* **Exercise prompt**:
Output each record exactly as given. Leave out every picture.

* **Given data**:
------------------------------------------------------------

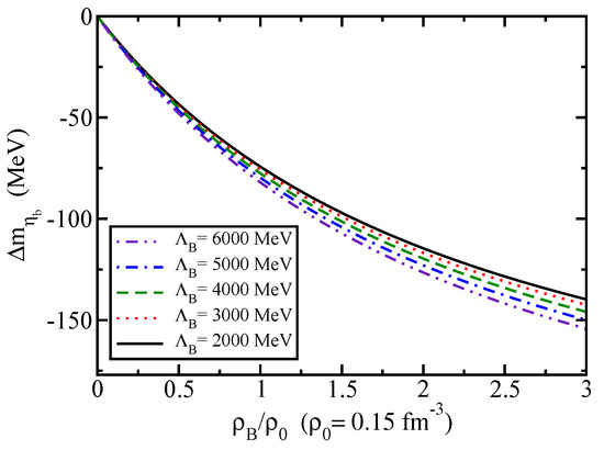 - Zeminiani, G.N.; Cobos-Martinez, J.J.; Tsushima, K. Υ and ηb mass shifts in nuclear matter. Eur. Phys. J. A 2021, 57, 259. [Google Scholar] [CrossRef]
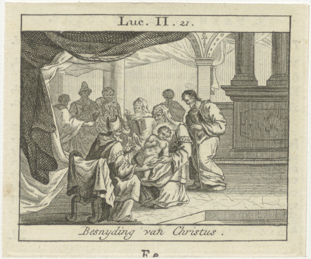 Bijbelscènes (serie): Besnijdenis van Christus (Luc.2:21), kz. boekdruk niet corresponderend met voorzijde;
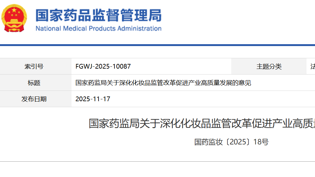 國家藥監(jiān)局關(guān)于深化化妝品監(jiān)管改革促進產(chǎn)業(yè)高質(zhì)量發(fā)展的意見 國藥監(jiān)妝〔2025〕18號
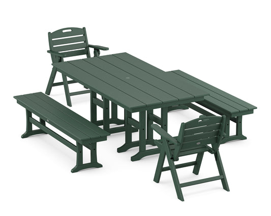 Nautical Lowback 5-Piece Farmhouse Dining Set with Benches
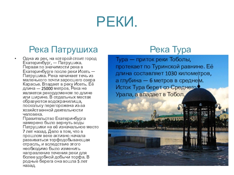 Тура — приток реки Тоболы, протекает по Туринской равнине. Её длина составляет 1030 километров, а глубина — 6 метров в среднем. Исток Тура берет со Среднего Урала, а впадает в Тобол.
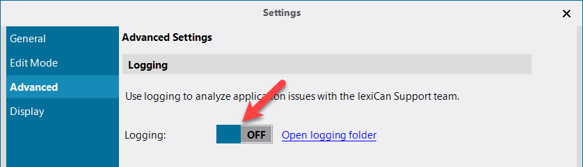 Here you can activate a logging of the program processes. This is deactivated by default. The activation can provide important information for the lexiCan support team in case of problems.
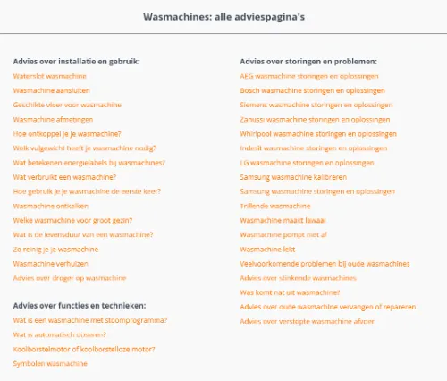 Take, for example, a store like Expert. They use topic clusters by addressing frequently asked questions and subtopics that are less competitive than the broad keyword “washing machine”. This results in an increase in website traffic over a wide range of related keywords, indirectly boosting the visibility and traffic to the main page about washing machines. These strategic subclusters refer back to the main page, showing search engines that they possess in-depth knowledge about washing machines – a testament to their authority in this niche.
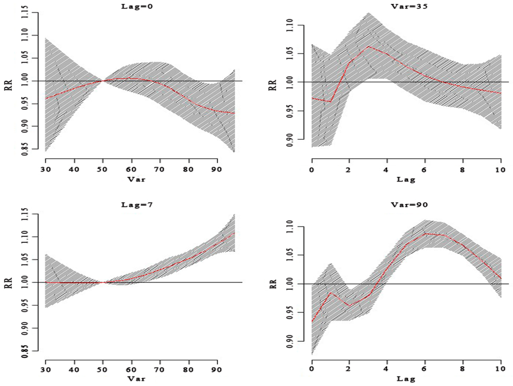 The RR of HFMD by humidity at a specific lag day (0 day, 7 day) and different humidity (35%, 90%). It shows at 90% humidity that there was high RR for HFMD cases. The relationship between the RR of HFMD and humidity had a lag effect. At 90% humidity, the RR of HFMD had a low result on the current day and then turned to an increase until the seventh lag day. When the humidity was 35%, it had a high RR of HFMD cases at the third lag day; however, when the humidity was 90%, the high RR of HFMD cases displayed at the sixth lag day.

------------------------------------------------------------

* **Task result**:
 - Zeminiani, G.N.; Cobos-Martinez, J.J.; Tsushima, K. Υ and ηb mass shifts in nuclear matter. Eur. Phys. J. A 2021, 57, 259. [Google Scholar] [CrossRef]
 Bijbelscènes (serie): Besnijdenis van Christus (Luc.2:21), kz. boekdruk niet corresponderend met voorzijde;
 國家藥監(jiān)局關(guān)于深化化妝品監(jiān)管改革促進產(chǎn)業(yè)高質(zhì)量發(fā)展的意見 國藥監(jiān)妝〔2025〕18號
 Nautical Lowback 5-Piece Farmhouse Dining Set with Benches
 Тура — приток реки Тоболы, протекает по Туринской равнине. Её длина составляет 1030 километров, а глубина — 6 метров в среднем. Исток Тура берет со Среднего Урала, а впадает в Тобол.
 Here you can activate a logging of the program processes. This is deactivated by default. The activation can provide important information for the lexiCan support team in case of problems.
 Take, for example, a store like Expert. They use topic clusters by addressing frequently asked questions and subtopics that are less competitive than the broad keyword “washing machine”. This results in an increase in website traffic over a wide range of related keywords, indirectly boosting the visibility and traffic to the main page about washing machines. These strategic subclusters refer back to the main page, showing search engines that they possess in-depth knowledge about washing machines – a testament to their authority in this niche.
 The RR of HFMD by humidity at a specific lag day (0 day, 7 day) and different humidity (35%, 90%). It shows at 90% humidity that there was high RR for HFMD cases. The relationship between the RR of HFMD and humidity had a lag effect. At 90% humidity, the RR of HFMD had a low result on the current day and then turned to an increase until the seventh lag day. When the humidity was 35%, it had a high RR of HFMD cases at the third lag day; however, when the humidity was 90%, the high RR of HFMD cases displayed at the sixth lag day.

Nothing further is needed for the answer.